• _EXERCISE DETAILS_:
Using the listing below, please print exactly the lines from the one with "Automatic button attaching" through the one with "van de gravures.". Leave out every picture.

• _STORED DATA_:

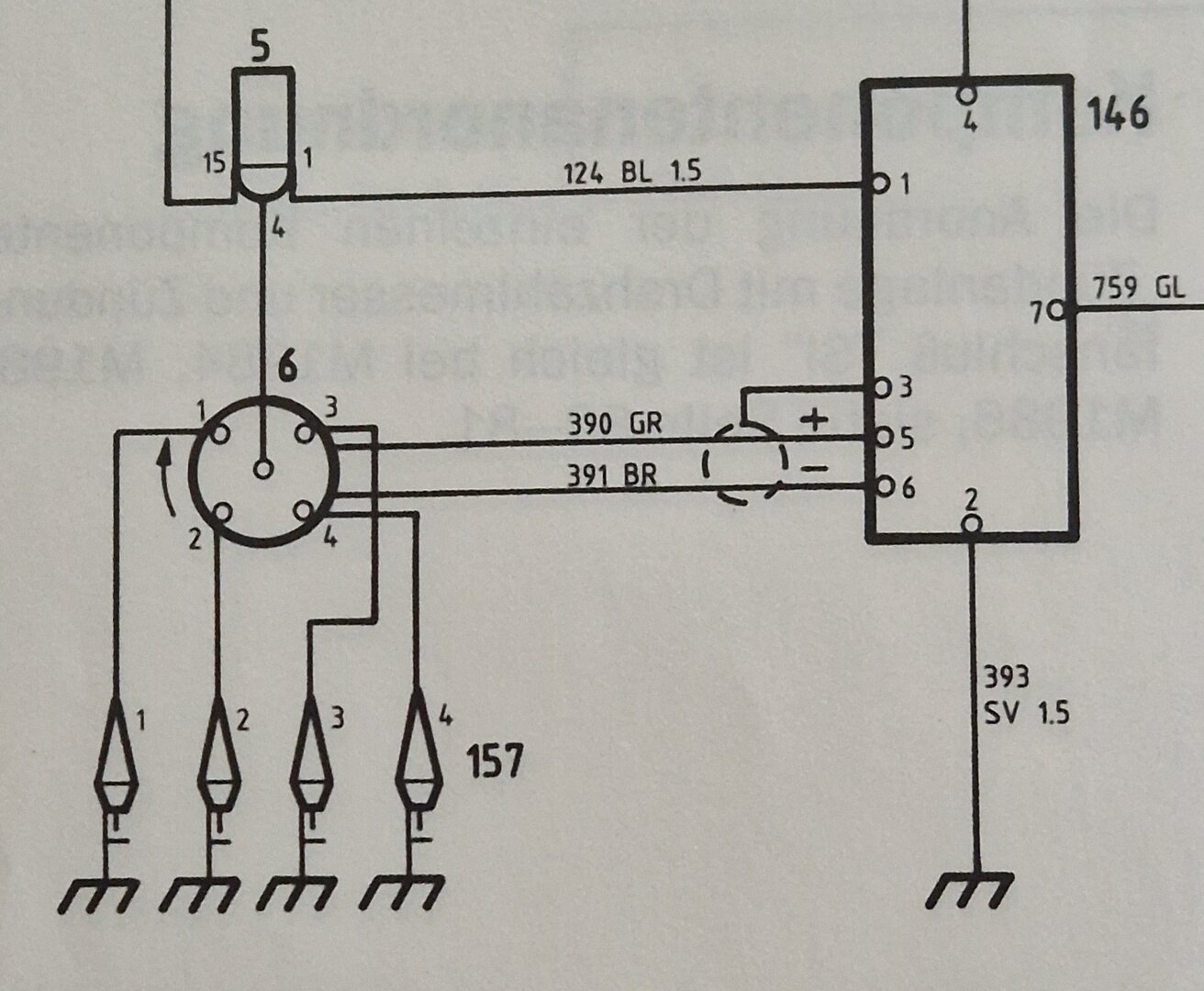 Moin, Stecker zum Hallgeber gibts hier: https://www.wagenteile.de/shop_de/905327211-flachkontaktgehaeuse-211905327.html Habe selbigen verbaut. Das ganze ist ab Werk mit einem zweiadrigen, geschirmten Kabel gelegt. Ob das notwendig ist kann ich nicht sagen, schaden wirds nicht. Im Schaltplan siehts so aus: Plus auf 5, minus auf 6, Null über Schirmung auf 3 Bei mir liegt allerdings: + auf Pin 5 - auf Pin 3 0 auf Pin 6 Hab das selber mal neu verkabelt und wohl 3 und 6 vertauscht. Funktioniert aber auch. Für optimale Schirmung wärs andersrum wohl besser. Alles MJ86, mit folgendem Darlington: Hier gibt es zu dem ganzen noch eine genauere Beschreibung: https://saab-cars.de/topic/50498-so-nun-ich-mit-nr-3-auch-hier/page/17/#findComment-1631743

* * *

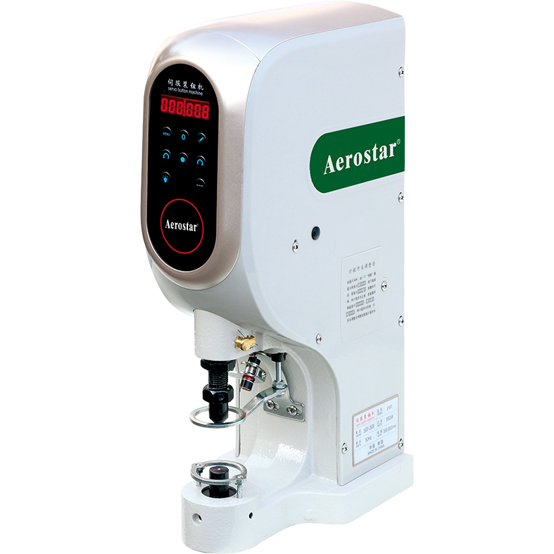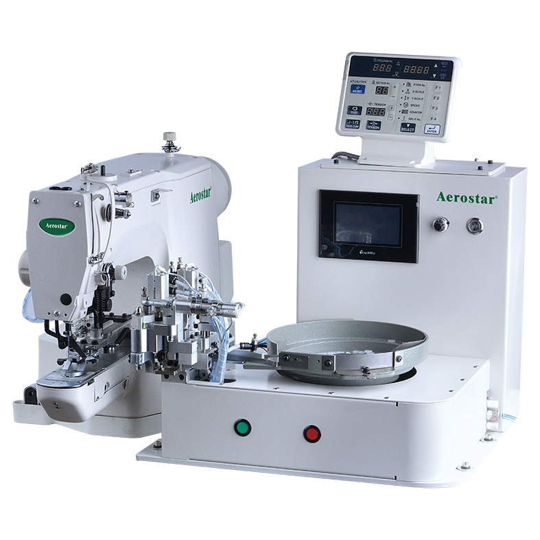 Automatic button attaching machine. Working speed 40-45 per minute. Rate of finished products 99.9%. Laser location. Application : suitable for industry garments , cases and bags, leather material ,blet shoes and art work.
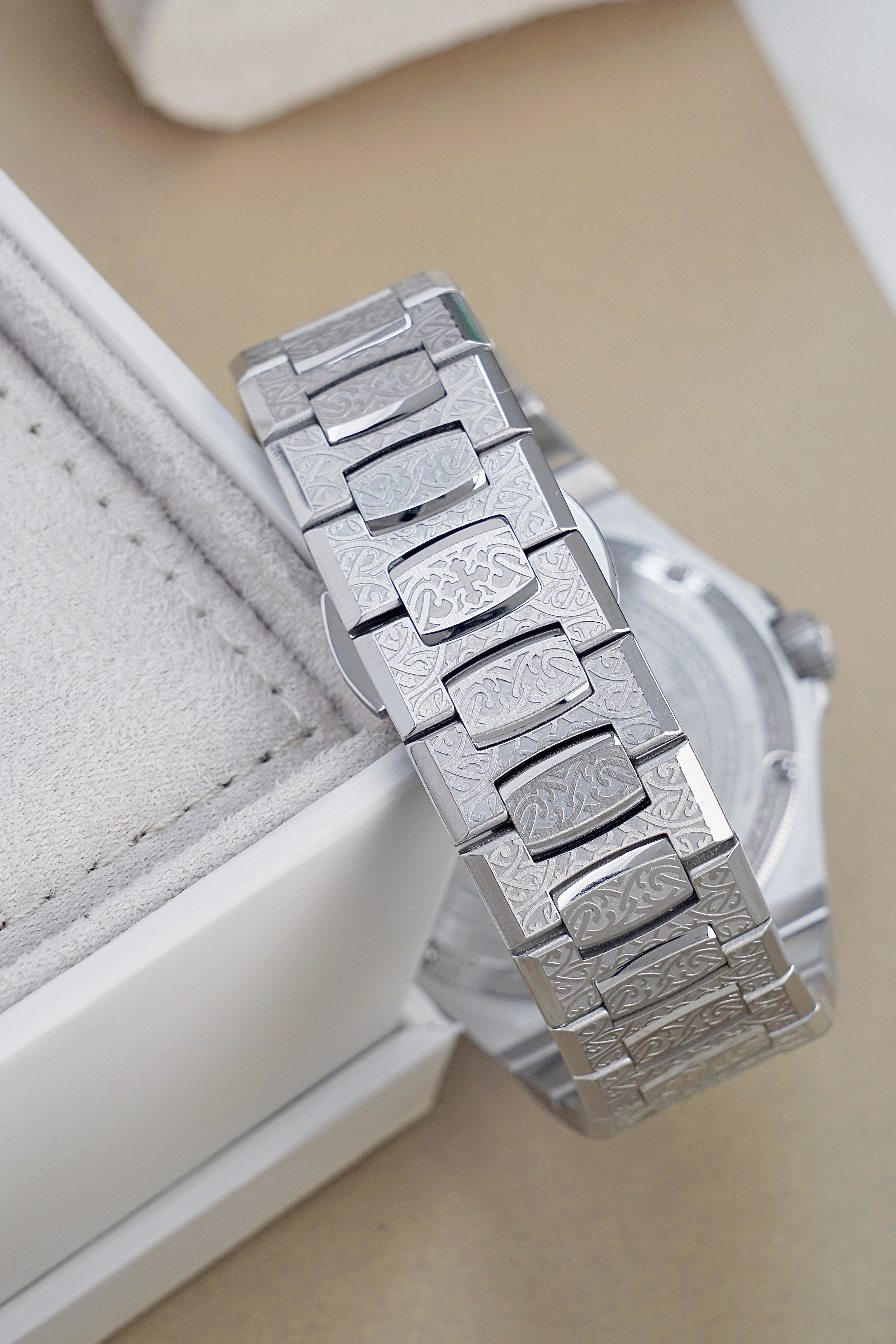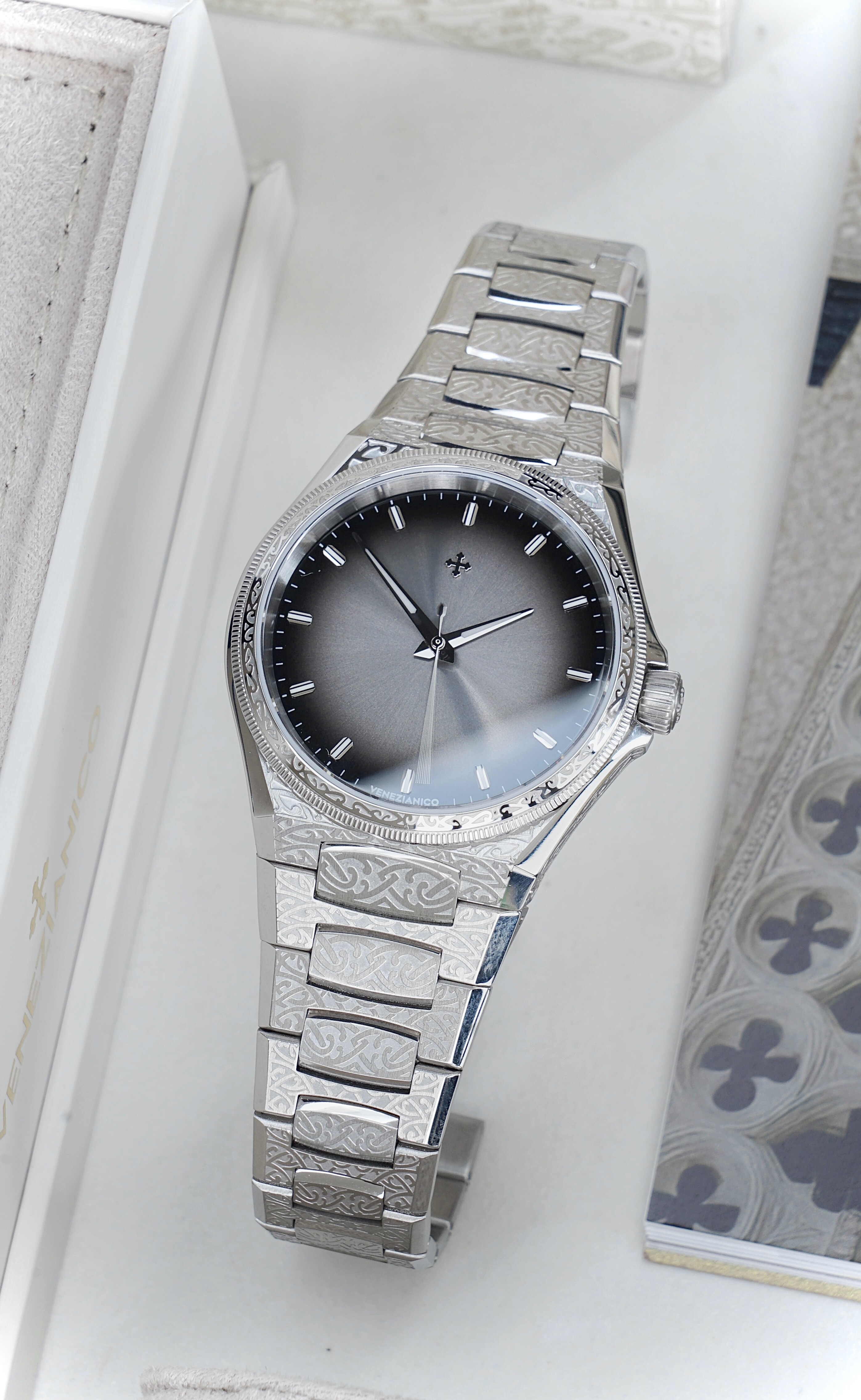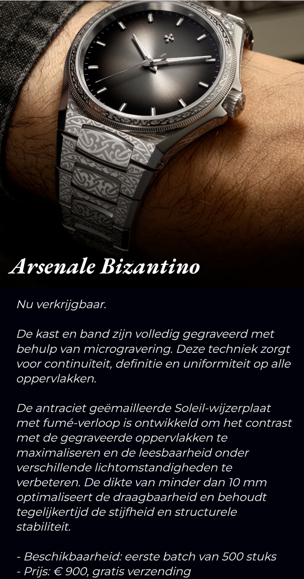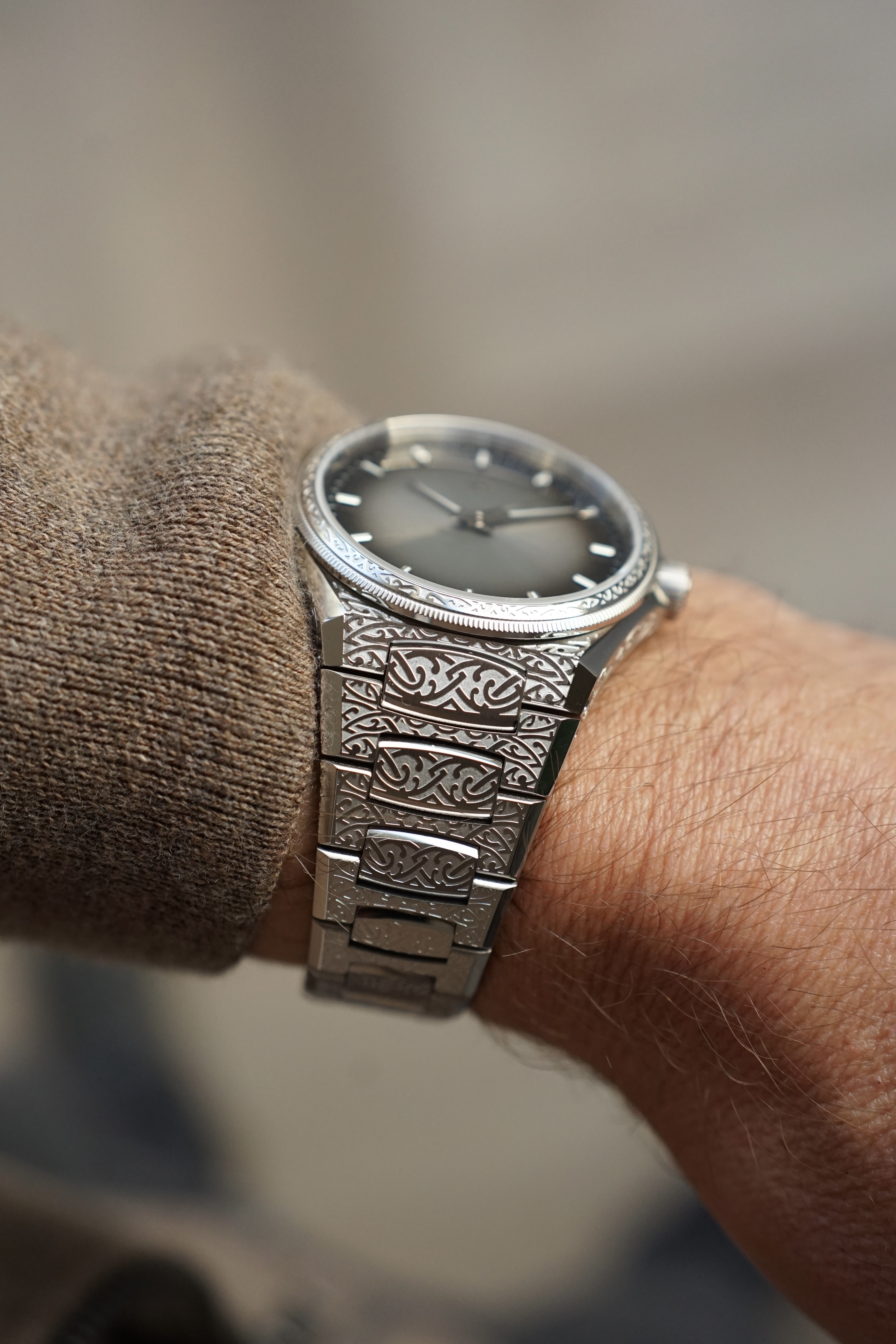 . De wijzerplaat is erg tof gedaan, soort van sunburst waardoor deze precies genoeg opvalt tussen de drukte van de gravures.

• _REPLY TO THE EXERCISE_:
 Automatic button attaching machine. Working speed 40-45 per minute. Rate of finished products 99.9%. Laser location. Application : suitable for industry garments , cases and bags, leather material ,blet shoes and art work.
 . De wijzerplaat is erg tof gedaan, soort van sunburst waardoor deze precies genoeg opvalt tussen de drukte van de gravures.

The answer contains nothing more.